The article, titled "The Mossad's shadow hovers over Paris," cites senior French intelligence officials, one of whom claimed that "The city is the Mossad's playground. The Chinese and the Russians may be our enemies, but let us not forget the Israelis and the Americans are also conducting themselves with great aggression."
"Our ability to respond to their actions is limited because they rush to use the 'diplomatic card' and complain to the French prime minister and president's offices," the French intelligence official vented.
"France's hands are tied" since it depends on Israel "in many sensitive issues," he said. The French, he added, were "also limited in our ability to prevent some elements in the Jewish community in France from aiding them (the Mossad) with planning and logistics."

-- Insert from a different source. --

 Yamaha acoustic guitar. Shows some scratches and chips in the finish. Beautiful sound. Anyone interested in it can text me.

One operation the French intelligence officials say was led from Paris was the assassination of Hamas senior official Mahmoud al-Mabhouh in Dubai. Israel has neither confirmed nor denied it was behind al-Mabhouh's assassination.
According to Le Monde, the Mossad set up a makeshift operations room equipped with computers and secure phones at a hotel room in the French capital's Bercy neighborhood—not far from the French Finance Ministry and other government buildings.

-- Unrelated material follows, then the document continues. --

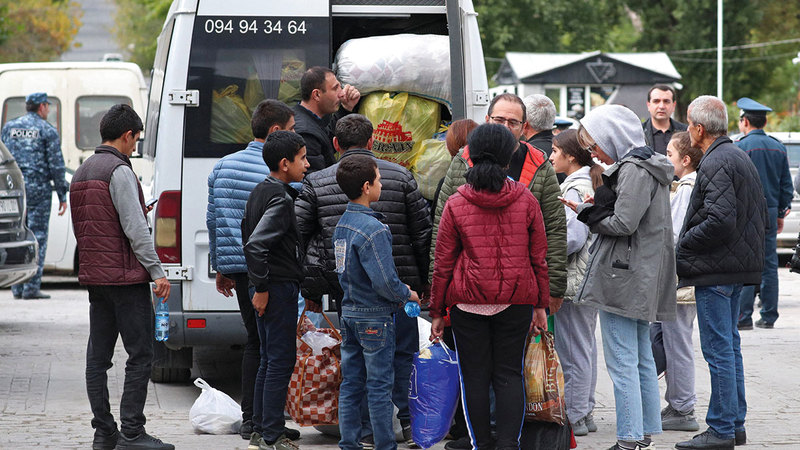 أعلنت الحكومة الأرمينية، أمس، أن ما لا يقل عن 6650 شخصاً من المنتمين إلى عرقية الأرمن، عبروا إلى البلاد من منطقة ناغورني قره باغ في أذربيجان، فيما قالت القيادة العرقية الأرمنية للمنطقة إن جميع الراغبين في المغادرة إلى أرمينيا بعد العملية العسكرية التي نفذتها أذربيجان الأسبوع الماضي ستتاح لهم الفرصة، موضحة أنها ستوفر الوقود مجاناً للراغبين في الرحيل بسياراتهم.

While only two of the 11 foreign agents who allegedly took part in the daring assassination—"Kevin" and "Gail"—reportedly arrived in Dubai on an Air France flight from Paris, foreign media has so far believed the operation was led from Austria or another European location. Le Monde, however, reports Israel's control and command center was in the heart of Paris.
The January 2010 assassination caused international outrage and a diplomatic crisis with Britain over the use of European passports.
France also complained to then-Mossad director Meir Dagan about the use of forged French passports.
According to Le Monde, the French were concerned Hamas would suspect France took part in the assassination.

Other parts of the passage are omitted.